Anthology’s strength lies in Anderson’s ability to interpret source material without flattening it. On her guitar-and-accordion rendition of “Quodlibet,” she adapts quarter tones through a technique she describes as “bluegrassy.” Her translation of the sorrowful, mysterious “Sarvi Simin,” interpreted from a 1977 recording released by the Soviet state-run record label Melodiya, braids together cumbia-inspired accordion and violin contributions from Gisela Rodríguez Fernández. On “Zar,” inspired by Yemeni music associated with spirit exorcism, Anderson builds a magnetic sonic form with just five notes.

The album’s effect mirrors Anderson’s experience in Smith’s archive—it’s somehow both familiar and surprising. Her fingerpicking style is as urgent, weathered, and devoted as ever, tethered to American folk traditions, yet not at all confined to them. Anthology sometimesevokes the dusty static of a far-off transmission. Elsewhere, it’s warm and energetic. The music always seems to be searching for something just out of reach.

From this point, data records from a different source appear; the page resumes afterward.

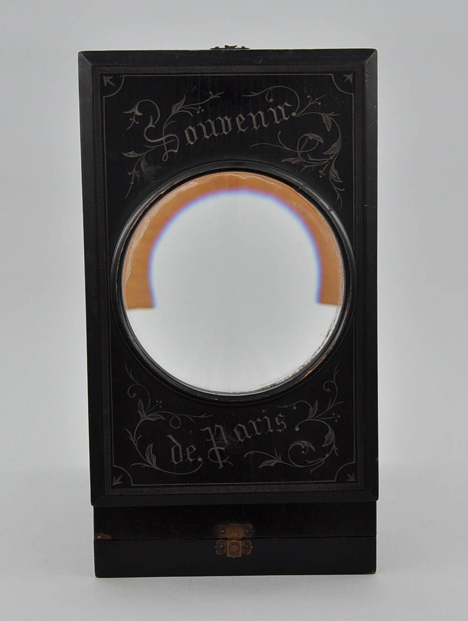 Graphoscope with lens folding into a box, with a moving fretted easel and adjustable viewing angle, adjustable picture cradle. Made of wood with lacquer finish and decorative carving 'Souvenir de Paris' on the front.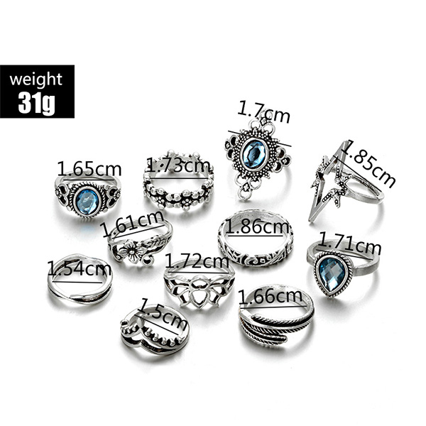 Fashion Silver-tone Gem Inlaid Alloy Ring Set 11 pcs/Set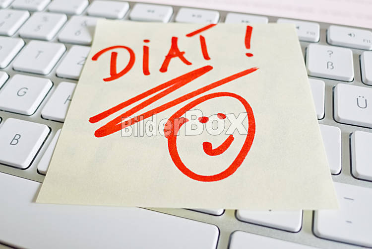 Beschreibung Ein Notizzettel liegt auf der Tastatur eines Computers zur Erinnerung: Diät

Before she began arranging the material, Anderson spent eight months immersed exclusively in the anthology’s source recordings. It changed her as a musician. “I just listened deeply, hoping that these songs might enter my bloodstream and start to become part of my natural vocabulary,” she writes in the liner notes.

On the phone, Anderson reflects further on the process. “My senses around phrasing and tonality have definitely expanded,” she muses. “And I’ve grown more patient with long form. There’s been an expansion of thought around theoretical systems, how music can be expressed or organized. I find that fascinating on a nerdy, intellectual level.”

But the project feels as politically grounded as it does technical. “I was born in the United States and I am subject, like anybody with a similar history, to the narrative that the country presents of itself,” Anderson says. “When that narrative starts to unravel, and when the information that we receive counters what we observe, that’s a personal thing.”

Asked whether music can achieve something politically or socially that other forms of discourse cannot, Anderson thinks for a moment.

“Music is one of the best art forms that we experience in community,” she responds. “It’s something that we make together. We enjoy experiencing it together. That’s a really unique and special attribute.”

With community in mind, this release is the first of three Anthology installments Anderson has planned. Future volumes, she says, “won’t be me tackling it alone.”

“My goal is to make it as available and accessible as possible,” she explains. “The next releases will be in service of more people hearing more of the music.”

That sentiment lies at the core of her desire for The Anthology of UnAmerican Folk Music. Above all, Anderson hopes listeners will be curious.

“Seek out information about the world,” she advises. “Look beyond all that which is presented on the surface of things.” 

The Anthology of UnAmerican Folk Music is out now on Thrill Jockey and available through Anderson’s Bandcamp on vinyl, compact disc, and as a digital download. Anderson will play at Homie Fest, Aug 14-16, at Camp Colton.